– По-моему, она все-таки потеряла голос. Предположим, она злится на вас. Но тогда я не понимаю, зачем она вырезает ваши объявления из газеты? Разве кто-то так делает, когда злится?
До конца жизни
Девчонка сует мне в руки термос.
– Чай с шалфеем. Выпей весь, это поможет голосу. А коньяк у тебя есть? В следующий раз принесу.
Она идет к шкафу с пластинками.
– Ничего если я одолжу парочку? Я буду с ними аккуратно обращаться.
И не надо передо мной сдерживаться. Если хочешь сидеть на своем стуле – сиди. Ты у себя дома.
Ее руки скользят по длинному ряду пластинок. Медленно, именно так, как надо.
– У моего папы много твоей музыки. Я все время спрашиваю его, как он может слушать это старье.
Она вздыхает, поворачивается, смотрит на меня.

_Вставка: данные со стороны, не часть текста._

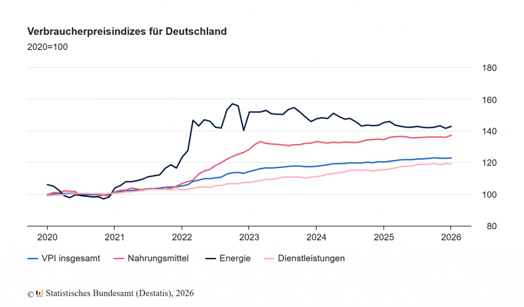 Die Inflationsrate in Deutschland – gemessen als Veränderung des Verbraucherpreisindex (VPI) zum Vorjahresmonat – lag im Januar 2026 bei +2,1 %. Im Dezember 2025 hatte sie +1,8 % betragen und zuvor im November und Oktober 2025 jeweils +2,3 %.

– Хватит про Италию, сказала я матери. Я думаю, папа в Париже, лежит в постели с другой женщиной у Эйфелевой башни. Была бы его воля, мы бы уже давно туда переехали. Но она не может оставить свой музей. Они без нее не справятся, видите ли. В любом случае пусть катится в свой Париж.
Ее лицо искажается гримасой.
Можно плакать внутри себя. Так, чтобы никто этого не видел. Чтобы никто тебя не тревожил.
Она поворачивается ко мне спиной, берет пластинку с полки. Франс Галль[25]
.– Он когда-нибудь бросит ту женщину. Никого нельзя любить до конца жизни. Ты представляешь, как это долго?
Она кладет вторую пластинку на стол. Джули Лондон[26]
. Непросто.– По-моему, до конца жизни можно любить только своих детей. Если бы у меня были дети, так бы и было. Вот увидишь: как только та женщина ему надоест, он вспомнит, что у него есть дочь, и сразу прибежит. А я ему скажу, что уже забыла его.
Пиаф. Она слишком юна для Пиаф.
– Наверное, у тебя с твоим братом так. Ну, до конца жизни, я имею в виду. Вот у меня нет ни братьев, ни сестер. Когда ты единственный ребенок, то скучаешь только по родителям. А ты, получается, брата своего ждешь?
Еще одна пластинка. Снова Пиаф. О Пиаф можно поломать зубы, если нет опыта.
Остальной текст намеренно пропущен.